On Conditions
Marina Vishmidt
Video
The Video is available in English
The American author and critic Marina Vishmidt deals with the tension between art, value and labor from a (post-) marxist perspective. She considers the so-called cultural industry as a driving economic force and examines the increasing expansion of the logic of the financial market and its influence on artistic production. Ultimately, her research also involves an examination of the autonomy of art, which raises questions about capitalist value creation, about creativity as ideology, and about social crises and precarity. To what extent is collective action also made more difficult in an industry driven by personal branding?

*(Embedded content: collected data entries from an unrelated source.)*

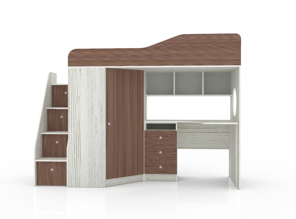 Кровать чердак Кадет 1 оснащен одним спальным местом, лестницей со ступенями в виде ящиков для хранения игрушек, письменным столом с тремя выдвижными ящиками под столешницей, полкой над столешницей и угловым шкафом для одежды. Данная модель подойдет как для детей младших классов, так и для детей более старшего возраста. Такая модель кровати поразит вас своей компактностью, вместительностью и практичностью.
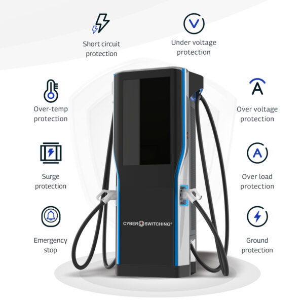 The CyberSwitching CSDC Series offers a powerful, scalable DC Fast Charging (DCFC) solution tailored for commercial and fleet applications. Available with one or two charging outlets, it delivers output power ranging from 120 kW up to 240 kW, with future provisions for upgradeability to 320 kW. This high-performance charger can refuel most electric vehicles to 80% state‑of‑charge in less than 30 minutes, making it ideal for highway rest stops, fuel stations, shopping centers, and busy fleet depots.
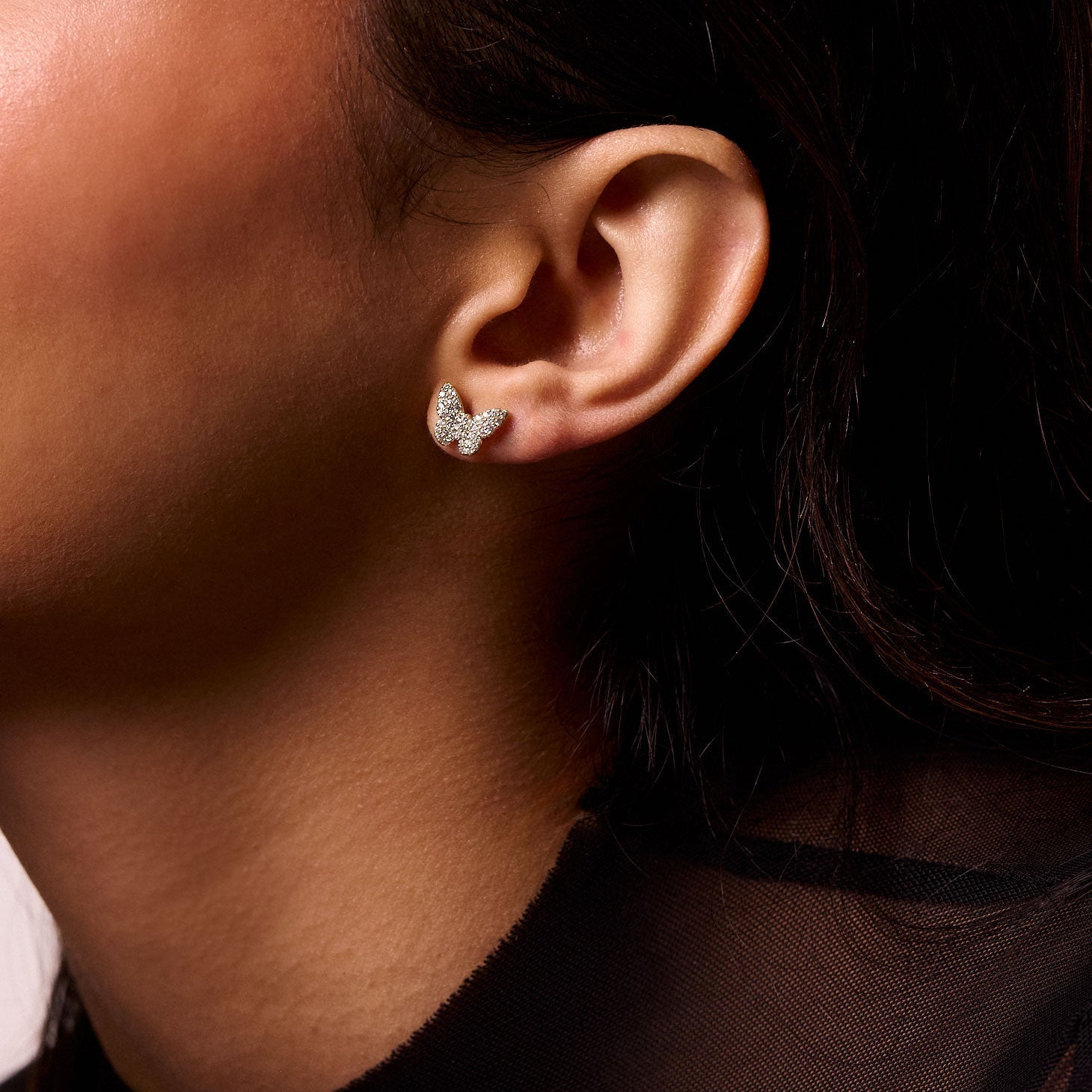 Destaca con estos elegantes pendientes de mariposa. El pavé de circonitas cúbicas cubre cada pendiente de ala a ala, aportando un brillo que llamará la atención. Combínalos con los aros Rainbow Caviar para un look de pendientes DIVOON.
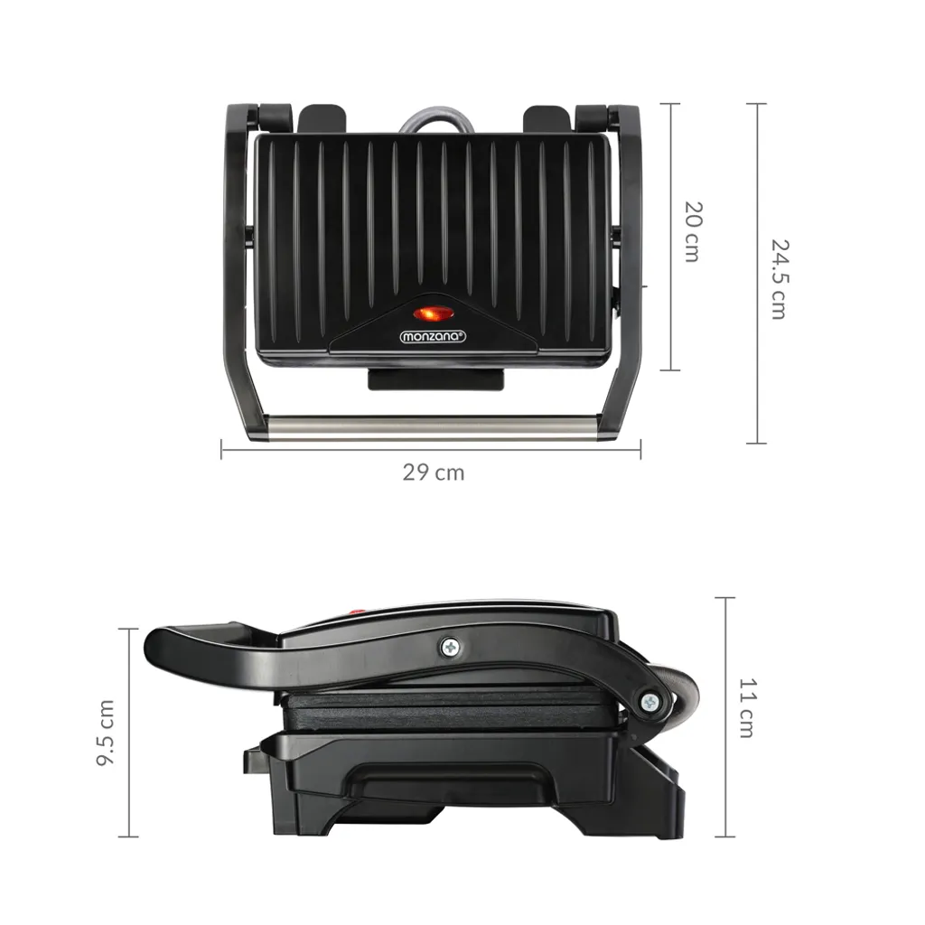 Monzana Kontaktgrill Antihaftbeschichtete Grillplatten Herausnehmbare Auffangschale Cool-Touch-Griff 1500 W Panini Toaster Grill Sandwichmaker Schwarz

Marina Vishmidt’s online lecture sheds light on her engagement with conceptual art, which she examines in terms of its production contexts and value around the notion of labor.
Artists
Participating artists
Marina Vishmidt
is an American writer, editor, and critic. She is a lecturer at the Centre for Cultural Studies at Goldsmiths University of London and teaches art theory at the Netherlands Art Institute in Arnhem. Her work is primarily concerned with the connection between art, value, and labor, focusing on the increasing dissolution of international financial markets and their influence on subjectivation in the artistic field. Vishmidt publishes in various magazines and journals such as Mute, Afterall, Texte zur Kunst, Ephemera, Kaleidoscope and OPEN! She is on the editorial board of the book series New Perspectives on the Critical Theory of Society (Bloomsbury Academic) and the journal South as a State of Mind. Recent publications include: Speculation as a Mode of Production: Forms of Value Subjectivity in Art and Capital (2018), Reproducing Autonomy: Work, Money, Crisis and Contemporary Art (2016).